It is also curious the amount of time required by the special prosecutor to present the case against Thaçi and others of 1863 hours or 10 years, when for the crimes committed by Slobodan Milosevic in several countries in a span of 9 years, 360 hours were required to submitted evidence, or 2 years.
The third problem, but which is probably the main one, has to do with the mandate of the Court.
This court was established based on Resolution 1782 of 2011 of the Parliamentary Assembly of the Council of Europe, according to a report by former Swiss prosecutor Dick Marty.
The 2011 report by Dick Marty, then member and rapporteur of the Committee on Legal Affairs and Human Rights of the Parliamentary Assembly of the Council of Europe raises allegations of inhumane treatment of persons and illegal trafficking of human organs allegedly committed by members and KLA leaders, precisely from the “Drenice Group” headed by Hashim Thaci, for which international investigators failed to find evidence and facts.
So the claims of Marty’s report remain unsubstantiated and unproven.
As it would later turn out, most of Marty’s report was documentation prepared by Serbian institutions.
The former Serbian ambassador to Switzerland, Milan Protic, would later tell how they met with Marty to hand over the documents to him.
Narrated in his book “In the birthplace of William Tell: History from Switzerland”, Protic also described details of the meeting.
“We were waiting for Dick Marty in an alcove in the Banhof in Zurich.
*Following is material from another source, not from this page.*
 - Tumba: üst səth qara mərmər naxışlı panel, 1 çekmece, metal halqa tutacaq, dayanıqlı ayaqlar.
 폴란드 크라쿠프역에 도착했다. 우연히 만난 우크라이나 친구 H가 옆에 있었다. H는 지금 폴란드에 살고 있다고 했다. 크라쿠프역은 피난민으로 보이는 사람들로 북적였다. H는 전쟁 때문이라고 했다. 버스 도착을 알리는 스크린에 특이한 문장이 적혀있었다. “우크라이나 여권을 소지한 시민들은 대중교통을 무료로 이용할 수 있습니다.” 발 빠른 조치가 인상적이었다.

In place of the impressive figure of Sean Connery appeared the unconvincing appearance of Dick Marty. Finally, the show could start”, wrote Protič.
Later, Protic, together with the Serbian prosecutor for war crimes Vladimir Vukcevic, had convinced the Swiss senator to accept their files.
How the Special Court of Kosovo was born
After the Resolution of the Council of Europe based on Dick Marty’s report, the USA and the EU agreed on the creation of a special court under the legal umbrella of Kosovo, but with foreign lawyers and located in The Hague.
Russia, Serbia as well as some other countries requested a special court under the UN and not under Kosovo.
The compromise supported by the USA was found precisely in its placement in The Hague with foreign judges and prosecutors, so that the witnesses felt protected in relation to the trial, but within the judicial framework of Kosovo.
The Assembly of Kosovo failed several times in approving the law for the establishment of this court. This is also due to opposition from Albin Kurti’s Vetevendosja (Autodetermination) party, the largest opposition in the country.
The law it is approved in August 2015, after a public and direct pressure from the USA.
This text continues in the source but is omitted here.